Key Takeaways
- The US Supreme Court’s decision in Montgomery v. Caribe Transport II does not expand shipper liability for negligent hiring claims arising from motor carrier accidents.
- Montgomery addressed whether freight brokers may be subject to state-law negligent hiring claims under the Federal Aviation Administration Authorization Act’s (FAAAA) safety exception; the decision did not directly concern shippers.
- Shippers have long faced potential negligent hiring and carrier selection claims, but plaintiffs continue to face substantial causation and evidentiary hurdles in pursuing such actions.
- Sophisticated shippers have historically mitigated transportation liability risk through broker oversight, carrier vetting procedures, contractual indemnification provisions, and insurance requirements.
- Although plaintiffs may continue naming shippers in transportation accident litigation, Montgomery does not materially alter the existing legal framework governing shipper liability exposure.

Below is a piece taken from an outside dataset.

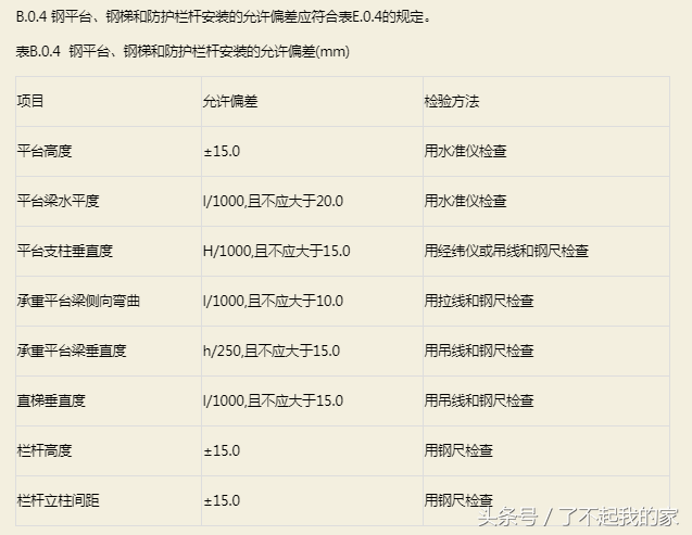 3.10、钢平台、钢梯、栏杆安装应符合现行国家标准《固定式钢直梯》GB 4053.1、《固定式钢斜梯》GB 4053.2、《固定式防护栏杆》GB 4053.3和《固定式钢平台》GB 4053.4的规定。钢平台、钢梯和防护栏杆安装的允许偏差应符合本规范附录E中表E.0.4的规定。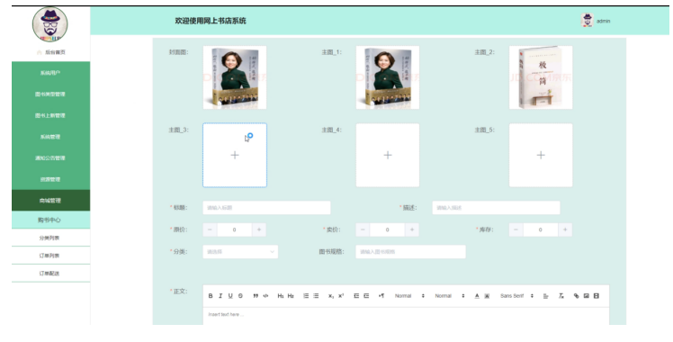 1.购书中心管理:管理员可以在购书中心管理模块中,管理所有上架书籍的信息,调整书籍的展示顺序、价格及库存,确保购书中心的内容更新和准确。

It is with some amusement that I read the hailstorm of comments regarding the United States Supreme Court’s decision in Montgomery v. Caribe Transport II. What has surprised me most is certain reactions, particularly regarding the potential liability of shippers. There has been a lot of talk regarding how the Montgomery decision might affect shipper negligent hiring liability claims. The answer, as I wrote after reading this month’s opinion, is that it changes nothing.
As has been written about ad infinitum, the crux of the Montgomery case was whether brokers could be sued for State negligent hiring claims under the FAAAA’s safety exception. The Court said yes, they could. Argue as you may as to the correctness of this decision (and I say the Court is 100% correct), the case did not deal with shippers and likely could not, since the FAAAA by its own terms applies only to motor carriers and brokers (though, admittedly, this issue has been raised in the past). The fact is that shippers could always be, and in the past have been, named in suits claiming they were negligent for various reasons. However, such claims remain a tough road to hoe for plaintiffs, who must overcome substantial proximate cause and evidentiary hurdles. One example of such a matter was another C.H. Robinson case before the Supreme Court, Miller v. C.H. Robinson Worldwide (2020), in which Costco Wholesale Corporation was a named defendant only to be dismissed.
This is not to say that shippers—particularly large shippers—are not targets or should not be prepared. In fact, in my experience, many large shippers have been prepared for decades, certainly since the seminal 2004 case Schramm v. Foster in which the federal district court in Maryland found that brokers can be held liable for failing to exercise reasonable case in vetting and selecting carriers. Many of my shipper clients have developed contractual due diligence requirements and underlying carrier operations standards for brokers to utilize as a part of their vetting process, effectively setting at least a floor of reasonability. In addition, shippers often maintain their own internal systems and criteria for verifying brokers’ capabilities.
A consideration is what happens if the shipper directly contracts with a carrier. Here again, sophisticated shippers have developed their own due diligence criteria and standards for contracted carriers, sometimes exceeding the standards utilized by even the largest brokers. In addition, whether contracting through brokers or directly with carriers, knowledgeable shippers typically insist the relationship be properly papered and include reasonable insurance requirements and indemnification provisions to the extent permitted under applicable state law.
Whether using brokers or carriers, shippers, particularly large shippers, are potential defendants in negligent hiring cases where a carrier utilized for one of their shipments is involved in an accident that causes injury. However, as stated above, this possibility was there long before the Mongomery decision and was in no way affected by the verdict in that case. Whether we see an increase in suits is anyone’s guess, but if that does occur, Montgomery will not be the sole underlying cause.